What's the difference between the automorphism and isomorphism of graph?
What's the difference between the automorphism and isomorphism of graph?
In graph theory, an isomorphism of graphs $G$ and $H$ is a bijection between the vertex sets of $G$ and $H$, $ f \colon V(G) \to V(H) \,\!$ such that any two vertices $u$ and $v$ of $G$ are adjacent in $G$ if and only if $ƒ(u)$ and $ƒ(v)$ are adjacent in $H$.
In the mathematical field of graph theory, an automorphism of a graph is a form of symmetry in which the graph is mapped onto itself while preserving the edge–vertex connectivity.
Could you give a example to explain the difference of the automorphism and isomorphism from the graph $G$ to $G$ itself? Since not all the isomorphism from the graph $G$ to $G$ itself is automorphism.

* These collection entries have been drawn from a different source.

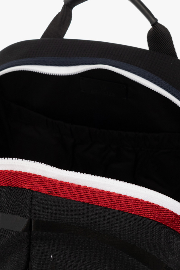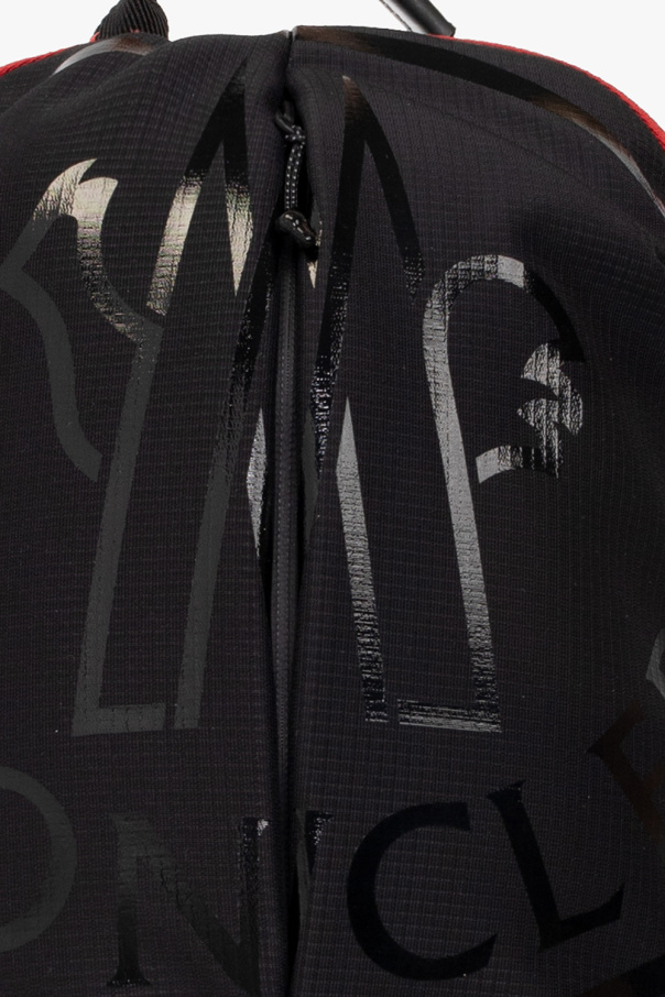 Black ‘Cut’ backpack from Moncler. Fastened with a two-way zip, this garment features the brand's signature stripes in red, white and navy, logo print, zipped front pocket, side pockets, half-round handle, adjustable shoulder strap, black metal hardware and one internal compartment with one slip pocket.
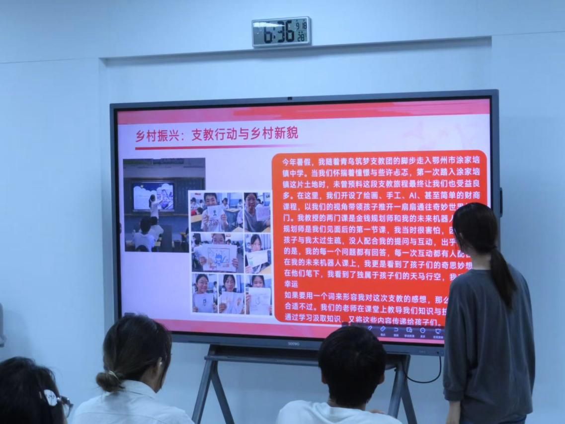 乡村振兴:支教行动与乡村新貌。活动第六项,刘青青同学上台分享了一些自己的支教行动经历与观察到的乡村新貌。讲述了她在偏远乡村课堂上为孩子们传授知识、开设兴趣课程的点滴,也展示了当地在教育设施改善、特色产业发展、人居环境提升等方面的新变化,同学们深刻体会到“把青春奉献在祖国需要的地方”的意义。
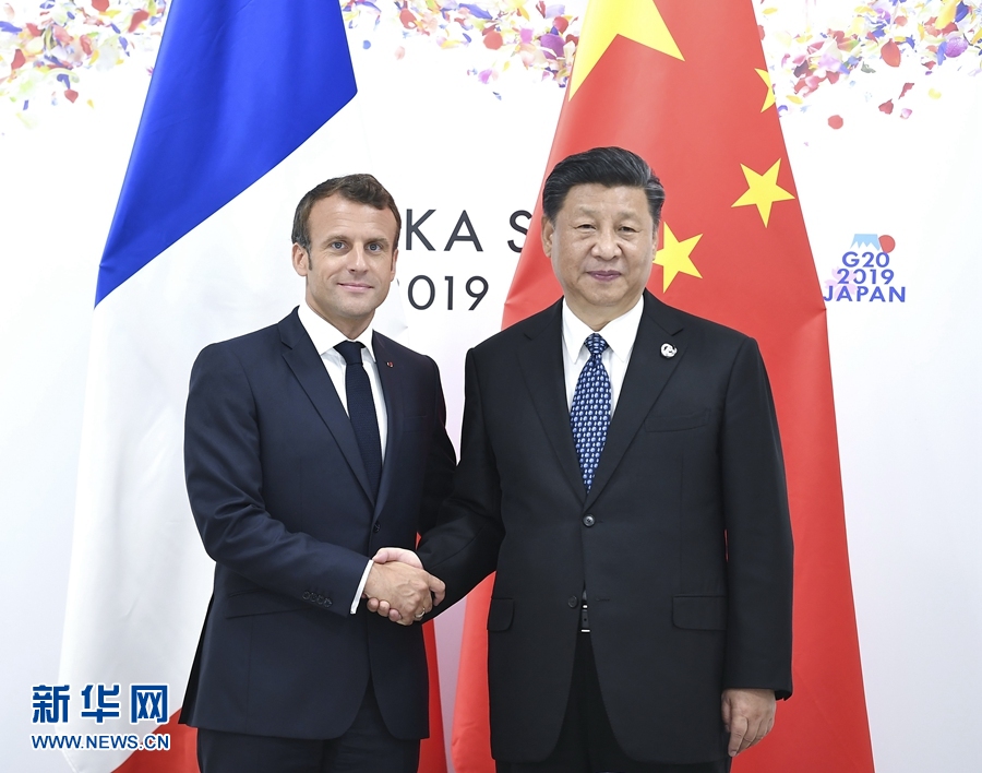 6月29日,國(guó)家主席習(xí)近平在大阪會(huì)見(jiàn)法國(guó)總統(tǒng)馬克龍。 新華社記者 燕雁 攝

I have this question when I read this post, please find the key word An isomorphism is a bijective structure-preserving map
...and there is a paragraph says that
The graph representation also bring convenience to counting the number of isomorphisms (the pre-factor). For example, for a graph $g$ with $V$ vertices, $E$ edges from some scalar theory, permutation of vertices is equivalent to relabeling of vertices, hence does not change the graph structure. The same goes to permutation of edges. Therefore, the number of graphs isomorphic to $g$ is $V!⋅E!$.
Maybe the isomorphism
here does not demand to preserve the vertex-edge realtion, only demand to preserve the structure.
Solution 1:
By definition, an automorphism is an isomorphism from $G$ to $G$, while an isomorphism can have different target and domain.
In general (in any category), an automorphism is defined as an isomorphism $f:G \to G$.
Solution 2:
As an example, consider the graphs $G$ and $G'$ on 4 vertices, labelled 1, 2, 3 and 4, where $G$ has edge set $\{\{1,2\},\{1,3\},\{2,3\},\{3,4\}\}$ and $G'$ has edge set $\{\{1,4\},\{2,3\},\{2,4\},\{3,4\}\}$. Sketch both of these graphs !
Then the permutation $\alpha = (1, 2, 3, 4)$ (in disjoint cycle notation) is an isomorphism from $G$ to $G'$. Why ? Because, applying $\alpha$ to the vertex labels in the edge set of $G$ we obtain the edge set of $G'$. Check this ! Since an isomorphism from $G$ to $G'$ exists, $G$ and $G'$ are isomorphic. However, since their edge sets are different, $G$ and $G'$ are not equal.
The permutation $\beta = (1, 2)$ is an isomorphism from $G$ to $G$ itself, that is, an automorphism of $G$, also known as a symmetry of $G$. Check this, as above !
Solution 3:
An automorphism of a graph $\Gamma$ is an isomorphism from $\Gamma$ to itself.